*EXERCISE INSTRUCTIONS*
Transcribe all the data below exactly, leaving its pictures out.

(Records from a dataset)

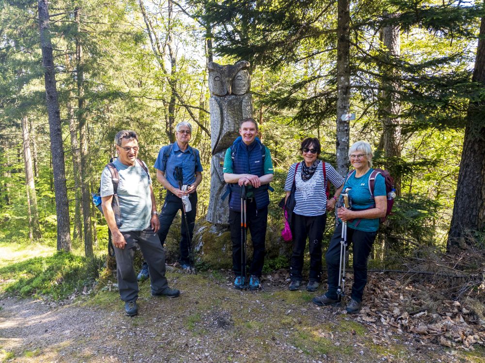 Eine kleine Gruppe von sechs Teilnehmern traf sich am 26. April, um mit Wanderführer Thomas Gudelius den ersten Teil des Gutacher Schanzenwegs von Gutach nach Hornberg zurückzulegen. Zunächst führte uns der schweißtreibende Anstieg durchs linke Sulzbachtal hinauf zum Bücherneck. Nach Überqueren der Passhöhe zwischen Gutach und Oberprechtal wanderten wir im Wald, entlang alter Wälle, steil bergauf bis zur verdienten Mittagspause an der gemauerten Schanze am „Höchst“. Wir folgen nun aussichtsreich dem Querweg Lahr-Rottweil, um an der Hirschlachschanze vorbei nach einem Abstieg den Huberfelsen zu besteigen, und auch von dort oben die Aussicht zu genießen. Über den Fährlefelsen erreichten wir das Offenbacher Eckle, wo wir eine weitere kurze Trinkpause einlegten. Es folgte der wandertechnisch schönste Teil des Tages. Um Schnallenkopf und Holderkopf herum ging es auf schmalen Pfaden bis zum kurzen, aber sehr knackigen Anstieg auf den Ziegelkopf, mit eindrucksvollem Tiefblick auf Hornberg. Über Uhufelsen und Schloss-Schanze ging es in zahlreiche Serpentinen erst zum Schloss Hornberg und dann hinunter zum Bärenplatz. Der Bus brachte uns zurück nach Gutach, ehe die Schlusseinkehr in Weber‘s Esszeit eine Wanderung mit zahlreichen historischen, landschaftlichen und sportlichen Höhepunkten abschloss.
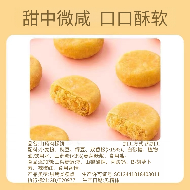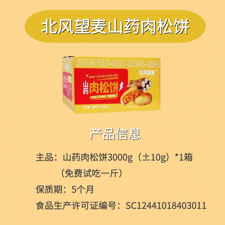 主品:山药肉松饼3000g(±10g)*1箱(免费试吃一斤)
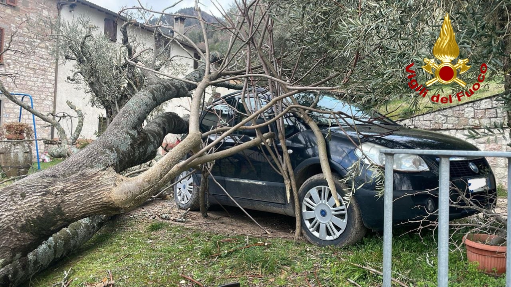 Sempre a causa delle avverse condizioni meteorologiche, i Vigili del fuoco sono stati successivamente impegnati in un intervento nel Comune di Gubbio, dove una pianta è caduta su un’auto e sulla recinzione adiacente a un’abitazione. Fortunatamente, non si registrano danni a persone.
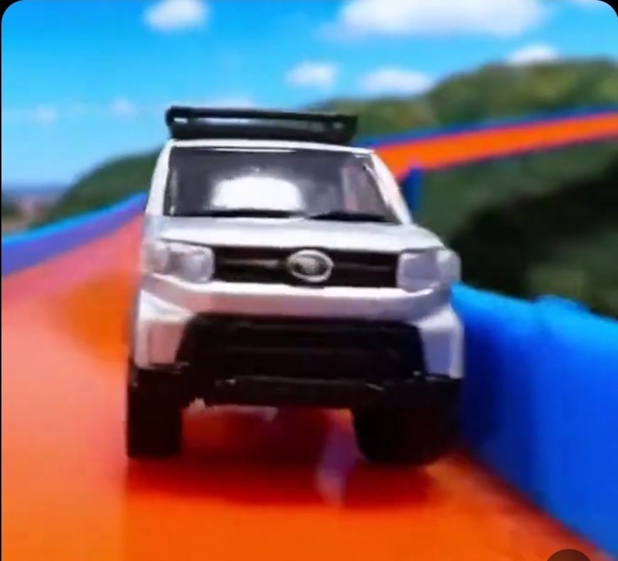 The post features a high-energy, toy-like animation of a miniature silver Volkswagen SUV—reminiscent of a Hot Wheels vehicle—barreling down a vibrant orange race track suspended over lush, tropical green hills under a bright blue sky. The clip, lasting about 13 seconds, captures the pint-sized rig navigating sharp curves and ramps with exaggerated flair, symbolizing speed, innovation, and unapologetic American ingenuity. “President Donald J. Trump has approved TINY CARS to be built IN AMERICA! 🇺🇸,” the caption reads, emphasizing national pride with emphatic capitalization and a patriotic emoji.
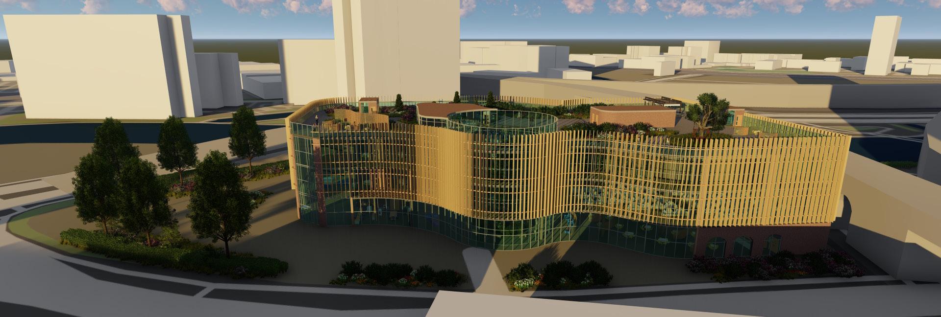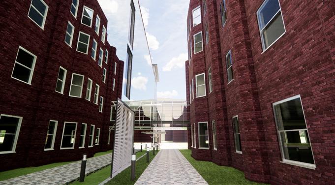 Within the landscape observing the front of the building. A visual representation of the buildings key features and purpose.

*WRITTEN SOLUTION*
 Eine kleine Gruppe von sechs Teilnehmern traf sich am 26. April, um mit Wanderführer Thomas Gudelius den ersten Teil des Gutacher Schanzenwegs von Gutach nach Hornberg zurückzulegen. Zunächst führte uns der schweißtreibende Anstieg durchs linke Sulzbachtal hinauf zum Bücherneck. Nach Überqueren der Passhöhe zwischen Gutach und Oberprechtal wanderten wir im Wald, entlang alter Wälle, steil bergauf bis zur verdienten Mittagspause an der gemauerten Schanze am „Höchst“. Wir folgen nun aussichtsreich dem Querweg Lahr-Rottweil, um an der Hirschlachschanze vorbei nach einem Abstieg den Huberfelsen zu besteigen, und auch von dort oben die Aussicht zu genießen. Über den Fährlefelsen erreichten wir das Offenbacher Eckle, wo wir eine weitere kurze Trinkpause einlegten. Es folgte der wandertechnisch schönste Teil des Tages. Um Schnallenkopf und Holderkopf herum ging es auf schmalen Pfaden bis zum kurzen, aber sehr knackigen Anstieg auf den Ziegelkopf, mit eindrucksvollem Tiefblick auf Hornberg. Über Uhufelsen und Schloss-Schanze ging es in zahlreiche Serpentinen erst zum Schloss Hornberg und dann hinunter zum Bärenplatz. Der Bus brachte uns zurück nach Gutach, ehe die Schlusseinkehr in Weber‘s Esszeit eine Wanderung mit zahlreichen historischen, landschaftlichen und sportlichen Höhepunkten abschloss.
 主品:山药肉松饼3000g(±10g)*1箱(免费试吃一斤)
 Sempre a causa delle avverse condizioni meteorologiche, i Vigili del fuoco sono stati successivamente impegnati in un intervento nel Comune di Gubbio, dove una pianta è caduta su un’auto e sulla recinzione adiacente a un’abitazione. Fortunatamente, non si registrano danni a persone.
 The post features a high-energy, toy-like animation of a miniature silver Volkswagen SUV—reminiscent of a Hot Wheels vehicle—barreling down a vibrant orange race track suspended over lush, tropical green hills under a bright blue sky. The clip, lasting about 13 seconds, captures the pint-sized rig navigating sharp curves and ramps with exaggerated flair, symbolizing speed, innovation, and unapologetic American ingenuity. “President Donald J. Trump has approved TINY CARS to be built IN AMERICA! 🇺🇸,” the caption reads, emphasizing national pride with emphatic capitalization and a patriotic emoji.
 Within the landscape observing the front of the building. A visual representation of the buildings key features and purpose.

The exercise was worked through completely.